BLEU, or the Bilingual Evaluation Understudy, is a score for comparing a candidate translation of text to one or more reference translations. The approach works by counting matching n-grams in the candidate translation to n-grams in the reference text. It is common to report the cumulative BLEU-1 to BLEU-4 scores when describing the skill of a text generation system.

In [None]:
#the below function evaluates the skill of the model
def evaluate_model(model, descriptions, photos, tokenizer, max_length):
    actual, predicted = list(), list()
    for key, desc_list in descriptions.items():
        prediction = generate_desc(model, tokenizer, photos[key], max_length)
        actual_desc = [d.split() for d in desc_list]
        actual.append(actual_desc)
        predicted.append(prediction.split())

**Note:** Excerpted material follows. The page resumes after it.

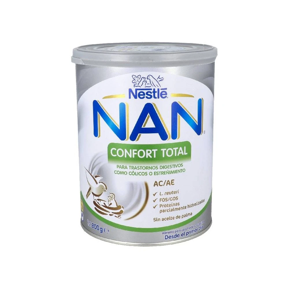 Nan Confort Total es útil para transtornos digestivos como cólicos o estreñimientos. Con L. reuteri, Fos/Gos, proteínas parcialmente hidrolizadas y sin aceite de palma. 800 g.

    print('BLEU-1: ', corpus_bleu(actual, predicted, weights=(1.0, 0, 0, 0)))
    print('BLEU-2: ', corpus_bleu(actual, predicted, weights=(0.5, 0.5, 0, 0)))
    print('BLEU-3: ', corpus_bleu(actual, predicted, weights=(0.3, 0.3, 0.3, 0)))
    print('BLEU-4: ', corpus_bleu(actual, predicted, weights=(0.25, 0.25, 0.25, 0.25)))
    
def max_length(descriptions):
    lines = to_lines(descriptions)
    return max(len(d.split()) for d in lines)

In [None]:
train_descriptions = load_clean_descriptions('descriptions.txt', train)
print('Descriptions: train=', len(train_descriptions))
tokenizer = create_tokenizer()
max_length = max_lengthTEMP(train_descriptions)
print('Description Length: ,', max_length)
filename = '/content/drive/My Drive/Kaggle/ImageCaptioningGenerator/input/Flickr8k_text/Flickr_8k.testImages.txt'
test = load_photo_identifiers(filename)
print('Dataset: ', len(test))
test_descriptions = load_clean_descriptions('descriptions.txt', test)
print('Descriptions: test=', len(test_descriptions))
test_features = load_photo_features('/content/drive/My Drive/Kaggle/ImageCaptioningGenerator/features.pkl', test)
print('Photos: test=', len(test_features))
filename = '/content/drive/My Drive/Kaggle/ImageCaptioningGenerator/model_10.h5'
model = load_model(filename)
evaluate_model(model, test_descriptions, test_features, tokenizer, max_length)

# Let's generate a text

In [67]:
def extract_features(filename):
    model = ResNet50(include_top=False,weights='imagenet',input_shape=(224,224,3),pooling='avg')
    image = load_img(filename, target_size=(224, 224))
    image = img_to_array(image)
    image = image.reshape((1, image.shape[0], image.shape[1], image.shape[2]))
    image = preprocess_input(image)
    feature = model.predict(image, verbose=0)
    return feature

In [70]:
model = load_model('/content/drive/My Drive/Kaggle/ImageCaptioningGenerator/model_glove_12.h5')
path = '/content/drive/My Drive/Kaggle/ImageCaptioningGenerator/input/Flicker8k_Dataset/96973080_783e375945.jpg'
photo = extract_features(path)
max_length = 34
description = generate_desc(model, tokenizer, photo, max_length)
print(description)



startseq dog dog running through the the endseq


In [None]:
import googletrans  
from gtts import gTTS
import IPython.display as ipd

In [None]:
from googletrans import Translator
translator = Translator()
tranlated = translator.translate(description, dest='ar')
print(tranlated.text)

In [None]:
tts = gTTS(arabic_text, lang='en')
tts.save('test.mp3')

In [None]:
audio_path="test.mp3"

ipd.Audio(audio_path, autoplay=True)

# using glove as a pre trained embedding model

To encode our text sequence we will map every word to a 200-dimensional vector. For this will use a pre-trained Glove model. This mapping will be done in a separate layer after the input layer called the embedding layer.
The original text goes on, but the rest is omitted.